次回こそは決着させますので、もうしばらくお待ちください。


第8話

赤い光が青に変わり、エクスプロードの出力はまだ上がっていく。

 

「転醒……?」

 

初めて聞く言葉に静夢は警戒するが、何が来るかも予想ができない。暴走している様子もなく、エクスプロードはヴァルトがしっかりと手綱を握っているようだ。

 

「赤き龍の雄たけびよ、革命の青き号砲を打ち鳴らせ!」

 

エクスプロードの赤い装甲が量子となり、青い装甲が新たに展開されてヴァルトを包んでいく。

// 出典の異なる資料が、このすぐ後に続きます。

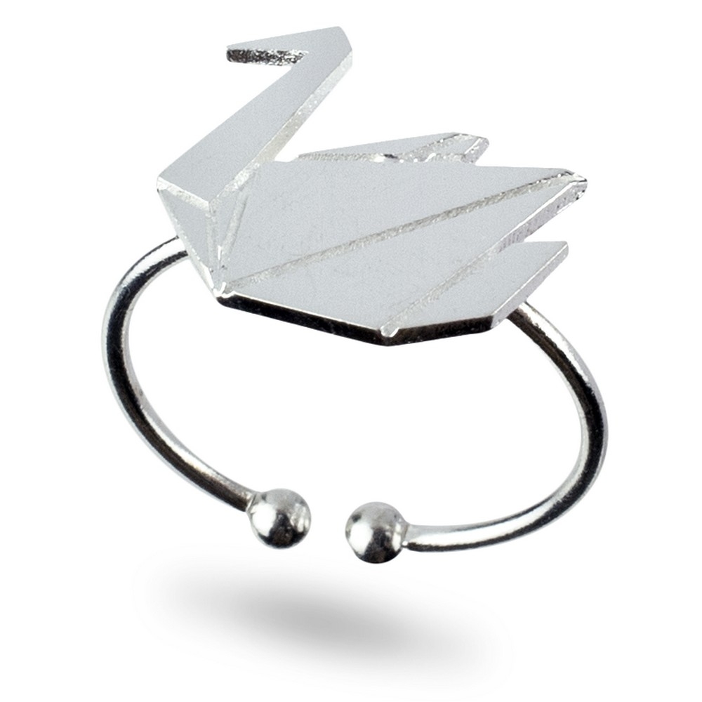 Ring matte origami swan silver
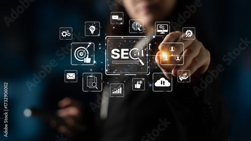 SEO concept for improving SEO visibility, with SEO related digital tools and SEO performance icons shown in an focused layout for strategic marketing. Spline

特徴的である腕部は掌が天球のようになっており、翼に似たアンロックユニットは巨大な腕へと変貌する。エクスプロードに比べ、とげとげしい姿となった青き魔神は静夢を前に産声を上げる。

 

 

 

 

 

「転醒―――『ビッグバン』!!」

 

 

 

 

 

ヴァルトの雄たけびに呼応するかのように、大気が震えた。様変わりしたヴァルトのISに誰もが息をのんだ。

 

「これがヴァルト君の……」

 

「これで終わったと思ってないよな?」

 

「ッ!?」

 

静夢の体に激痛が走った。いきなり縛り上げられたかのような、強い痛みだった。

 

「一体、なにが……!」

 

「自分の機体をよぉく見てみろ」

 

「エネルギーが、減っている……!?」

 

ヴァルトの言葉と同時に、ユニコーンから警報が鳴る。システムを調べると、ユニコーンのシールドエネルギーが少しずつだが減少している。

 

「どうして……いや、まさか……!」

 

頭をよぎる推測に、静夢はヴァルトを睨み付ける。睨まれても平然としていたヴァルトだが、余裕が出てきたのかニヤリと笑みを浮かべた。

 

「あの弾丸に、細工がされていたのか……?」

 

「お前は本当にすごいな……そうだ、あの弾丸には仕掛けがある」

 

ことごとく自分を飽きさせない、そんな静夢にヴァルトはクスクスと笑っていた。

 

「エクスプロードの弾丸には、あるウイルスが仕込まれている。打ち込まれた弾丸、弾痕から機体の内側に入り込んで機体を蝕んでいく。このビッグバンは、そのウイルスを発動させる機能もある」

 

ビッグバンはあくまでウイルスのトリガーだ、普通の相手ならエクスプロードで勝つことができるのだ。奥の手であるビッグバンを出すのは、静夢がそれだけの相手だからなのである。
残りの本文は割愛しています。